◆ Activity ◆
The pictures are to be left out when the listing below is reproduced word for word.

◆ Data shown ◆
++++++++++++++++++++
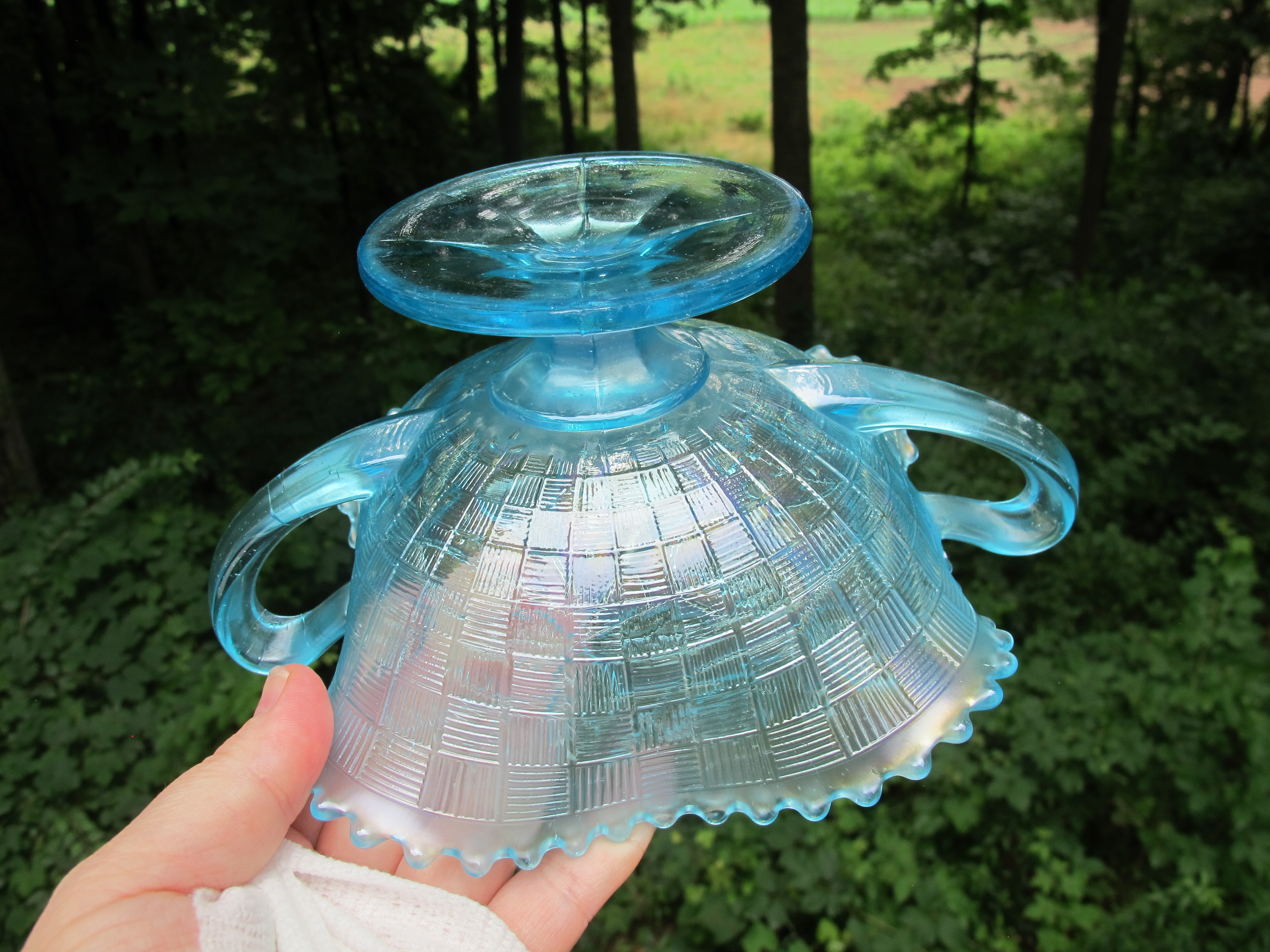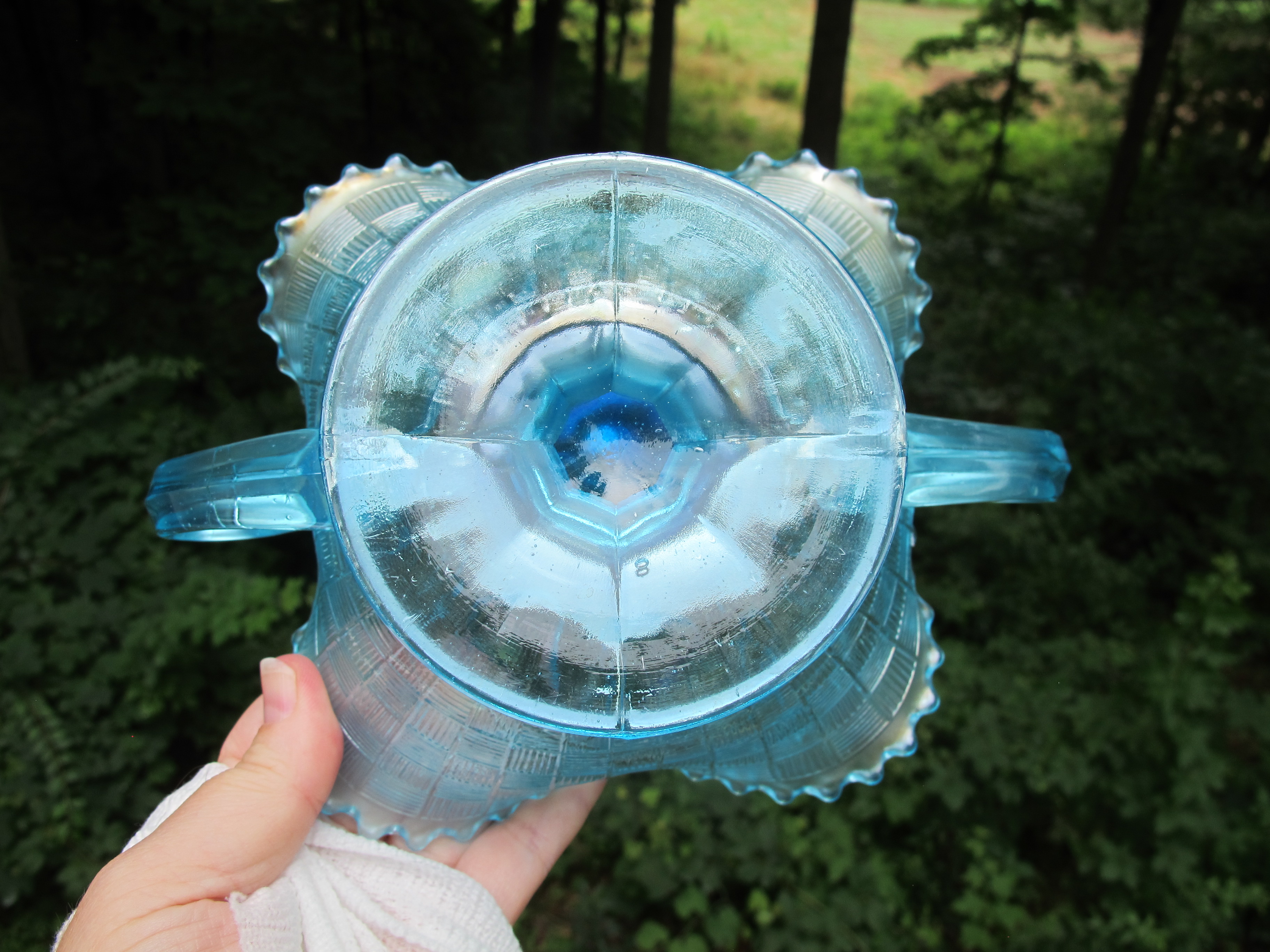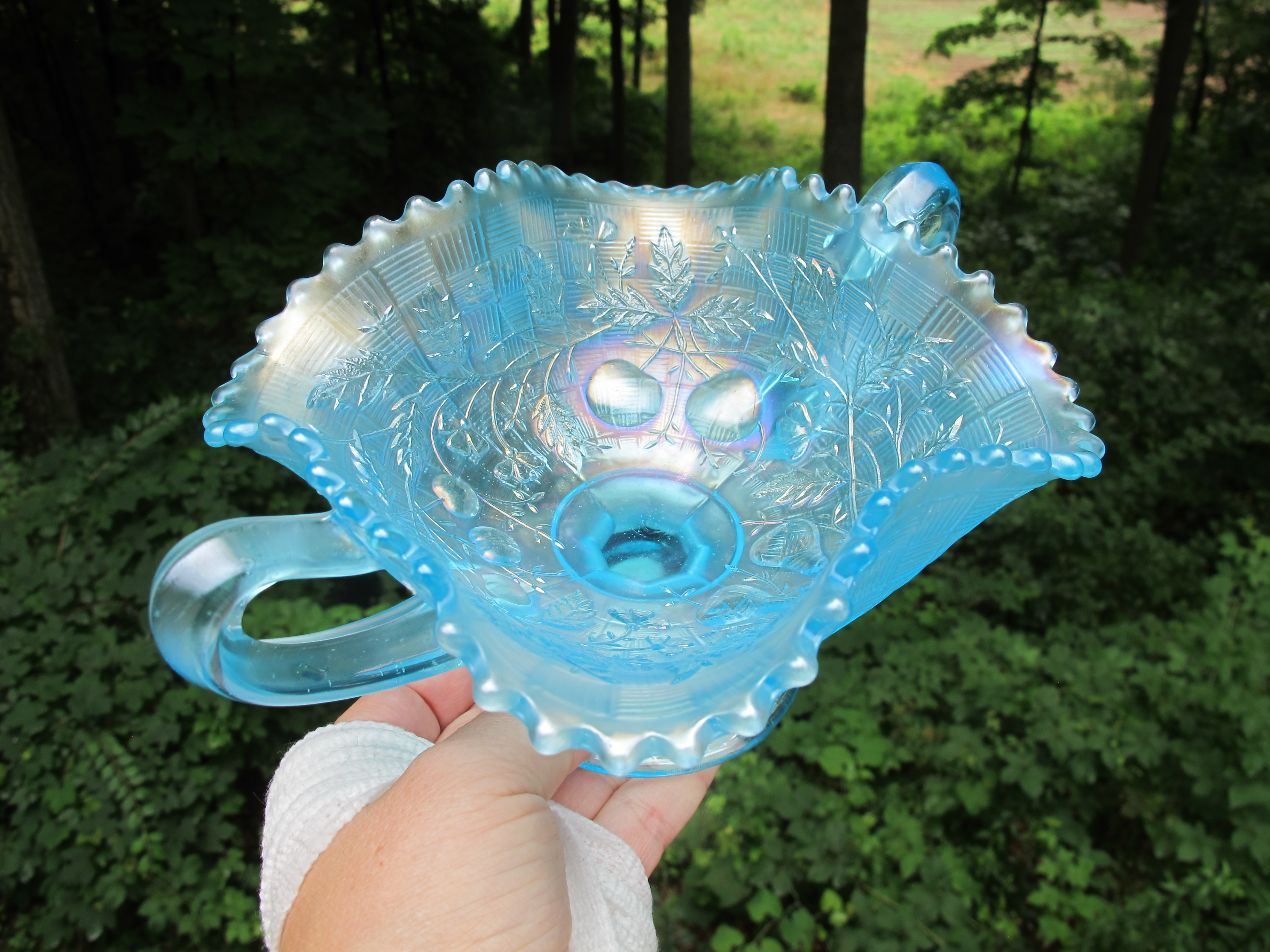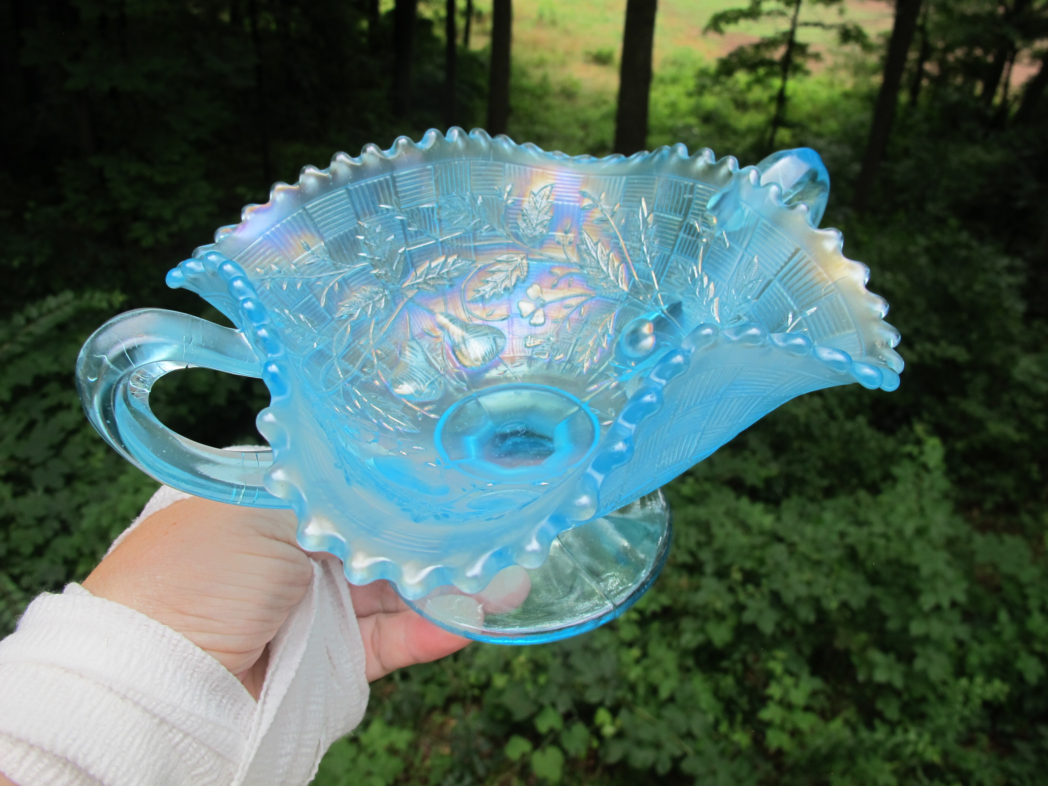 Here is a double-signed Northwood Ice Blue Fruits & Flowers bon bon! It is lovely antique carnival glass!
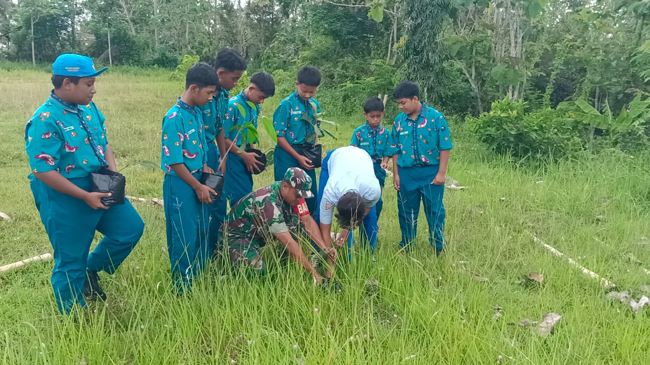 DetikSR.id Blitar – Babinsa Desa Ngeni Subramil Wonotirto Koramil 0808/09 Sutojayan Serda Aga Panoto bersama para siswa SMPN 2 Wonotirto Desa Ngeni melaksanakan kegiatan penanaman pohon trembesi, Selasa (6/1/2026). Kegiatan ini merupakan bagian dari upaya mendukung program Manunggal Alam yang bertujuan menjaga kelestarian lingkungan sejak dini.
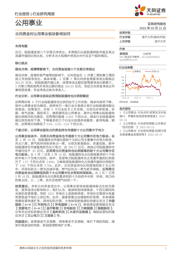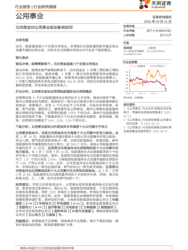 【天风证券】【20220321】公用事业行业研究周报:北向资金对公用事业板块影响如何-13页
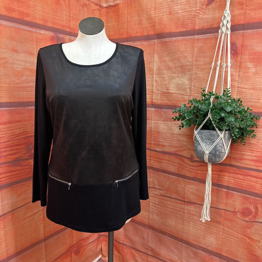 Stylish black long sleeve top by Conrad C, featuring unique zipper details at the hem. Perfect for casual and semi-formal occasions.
++++++++++++++++++++
◆ Problem solution ◆
 Here is a double-signed Northwood Ice Blue Fruits & Flowers bon bon! It is lovely antique carnival glass!
 DetikSR.id Blitar – Babinsa Desa Ngeni Subramil Wonotirto Koramil 0808/09 Sutojayan Serda Aga Panoto bersama para siswa SMPN 2 Wonotirto Desa Ngeni melaksanakan kegiatan penanaman pohon trembesi, Selasa (6/1/2026). Kegiatan ini merupakan bagian dari upaya mendukung program Manunggal Alam yang bertujuan menjaga kelestarian lingkungan sejak dini.
 【天风证券】【20220321】公用事业行业研究周报:北向资金对公用事业板块影响如何-13页
 Stylish black long sleeve top by Conrad C, featuring unique zipper details at the hem. Perfect for casual and semi-formal occasions.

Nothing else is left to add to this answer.